Soar is single core.
With increasing availability of parallel computing, it may seem odd that an architecture that attempts to implement the basis for intelligence is largely single core.
While aspects of our code-base could be parallelized for some performance gain, it seems that some serial bottleneck is inescapable and appears humanlike, at least for complex decision-making. This got me wondering whether underlying constraints could exist to demand that this must be the case.
This led me to thinking about a swarm intelligence and about whether an intelligence embodied in a swarm would face the same constraints. From what I can tell, in such an intelligence, you would want the distributed knowledge in the swarm to have a guarantee of “eventual consistency” so that the swarm can be considered coherent in terms of having knowledge that it can apply to goals. (Otherwise, you really end up with a complex system that isn't really a single “mind”. Not that there's anything wrong with that, but I'm kind of defining it as “out of scope” for what I'm talking about.)

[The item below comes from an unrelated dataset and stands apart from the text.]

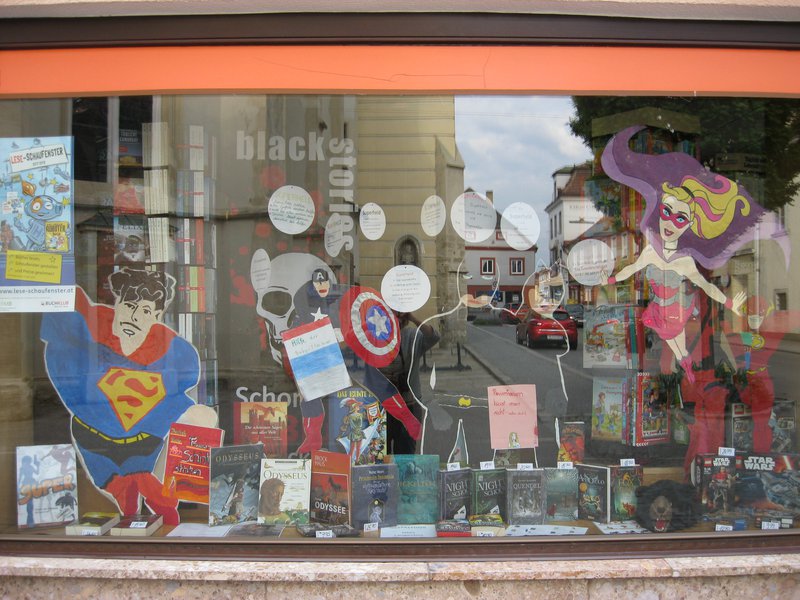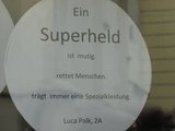 Thema: "Superhelden - von Odysseus bis Lara Croft"/ Deutsch Literaturvermittlung (Antike Sagen bis Comics und Grafic novels) und Bildnerische Erziehung.(großformatige Zeichnungen von Superhelden/innen mit widersprüchlichen Buchtiteln, z. B. Superman - mutig, hält ein Buch über Angstbewältgung in Händen) Fragestellung: Was ist ein Superheld? Recherche zum Thema: Superhelden/Superheldinnen - einst und jetzt; Steckbriefe verfassen; Lesen von Sagen, Textstellen aus den im Crossover voreschlagenen Büchern, z. B. Tribute von Panem, Percy Jackson; Gespräch und Beispiele über Vermarktung (z. B. Star Wars usw. ) Abschließend Gestaltung- Projektleitung:

So, I wonder, would imposing a requirement of eventual consistency to a hivemind's distributed knowledge still impose some form of amdahl's law bottleneck? Well, the PAC theorem and PACELC theorem end up suggesting to me that if you really really want consistency, then you end up reducing the availability of knowledge and increasing the latency with which knowledge is available. But, you don't have to do this. You can still keep knowledge highly-available at a low latency, but you introduce a need to “fix” things later, sometimes. So, a hivemind would likely be able to “splinter” and still act rapidly, but if it has eventual consistency, there must eventually be some repair process that makes each part of the swarm agree on some observed sequence of events.
From wikipedia: “The default versions of DynamoDB, Cassandra, Riak and Cosmos DB are PA/EL systems: if a partition occurs, they give up consistency for availability, and under normal operation they give up consistency for lower latency.” I wonder in these systems, in practice in real environments, to what degree the processing of “Tombstones” https://en.wikipedia.org/wiki/Tombstone_(data_store) imposes an amdahl's law style serialization. Tombstones are basically old deletes that need to be processed to actually guarantee eventual consistency and they introduce additional computational cost. Dealing with tombstones is called “compaction”.
And all of this explains why, before I've even had my second coffee, I'm now considering reading this paper:
Fast Compaction Algorithms for NoSQL Databases
Let's hope this goes somewhere!